Questi appena sentirono i primi morsi del fuoco s’inalberarono spaventosamente sollevando perfino gli uomini che li trattenevano, e mandando nitriti dolorosi.

– Via tutti!... – gridò Dimitri.

I tre animali, pazzi di dolore, si scagliarono a precipizio attraverso alla valle, divorando la via con celerità incredibile.

Poco dopo la slitta, si slanciava dietro di loro con eguale celerità: l’jemskik, Iwan e l’ingegnere erano riusciti a introdurre l’esca anche negli orecchi dei loro animali.

Ben presto la corsa divenne così vertiginosa, che gli stessi cocchieri cominciarono ad inquietarsi. I cavalli correvano come una tromba, senza più nulla vedere, senza più obbedire alla briglia. Guai se un ostacolo si fosse trovato sulla loro via.

Quante verste percorsero? Forse quindici, forse il doppio.

Ad un tratto però i cavalli della slitta stramazzarono l’uno addosso all’altro, ed il veicolo, arrestato di colpo, si rovesciò proiettando a destra ed a sinistra lo studente, l’ingegnere e l’jemskik.

I cavalli della troika continuarono ancora per trecento passi poi a loro volta caddero, lanciando in mezzo alla neve Maria, il colonnello e Dimitri.

Quantunque l’urto fosse stato violento, il colonnello si era prontamente rialzato, slanciandosi verso la sorella, la quale si dibatteva fra la neve che l’aveva mezza sepolta.

– Sei ferita? – le chiese, con ansietà.

– No, Sergio, – rispose la giovanetta, sorridendo. – La volata è stata brusca, ma la neve ha raddolcito il colpo.

– Ho tremato per te.

– Un semplice accidente di viaggio. E i compagni?

– Sono qui, padrona, – disse Dimitri, sbarazzandosi della neve.

– E gli altri s’avanzano verso di noi, – disse il colonnello.

– Anche Iwan?

– Sì, Maria.

– Ed i cavalli?

– Due sono morti ed il terzo sta per spirare, – rispose Dimitri.

– Poveri animali ma... toh!... Una capanna!...

– Dove? – chiesero il colonnello e Dimitri.

– Laggiù, sull’orlo di quel bosco.

Sergio guardò nella direzione indicata e scorse infatti, all’estremità della vallata, sul margine d’un bosco di larici e di betulle, una casa bassa con un tetto spiovente, costruita con grossi tronchi di albero, e d’aspetto miserabile.

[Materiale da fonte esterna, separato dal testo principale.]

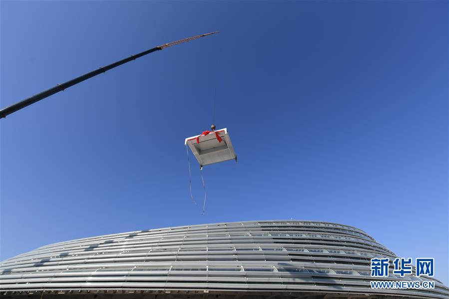 12月31日,施工人員在國(guó)家速滑館施工現(xiàn)場(chǎng)起吊最后一塊待安裝的屋面單元板塊。

– È una jurta, – diss’egli.

– Una casupola abitata da indigeni, vuoi dire?

– Sì, Maria.

– Colonnello!... – gridò in quell’istante Iwan, che s’avanzava correndo. – Siete salvo?

– Sì, amico.

– E la signorina Maria?

– Sì, Iwan.

– Ed i cavalli?

– Morti.

– Ed anche i nostri.

– Avete le armi e le cartucce?

– Tutto; colonnello.

– Padrone! – esclamò in quell’istante Dimitri. – Vedo un uomo scendere la valle.

– Un cosacco?

– Un buriato, se non m’inganno.

L’ingegnere, l’jemskik e lo studente erano vicini. Il colonnello fece loro cenno d’arrestarsi e di nascondersi, poi si sdraiò dietro un cumulo di neve assieme a Maria ed a Dimitri.

Un uomo vestito poveramente, con una vecchia pelle d’orso che aveva già perduto il pelo, scendeva attraverso i boschi. Portava una specie di canestro e sulle spalle un lungo bastone terminante in un uncino.

– Che sia un cacciatore? – chiese Maria, a Sergio.

– Armato di un uncino? – disse il colonnello. – Non saprei cosa potrebbe cacciare con quell’arma poco offensiva.

– Mi pare che si diriga verso la jurta.

– Sarà il proprietario.

– Se è un buriato possiamo chiedergli asilo; mi hanno detto che sono ospitali.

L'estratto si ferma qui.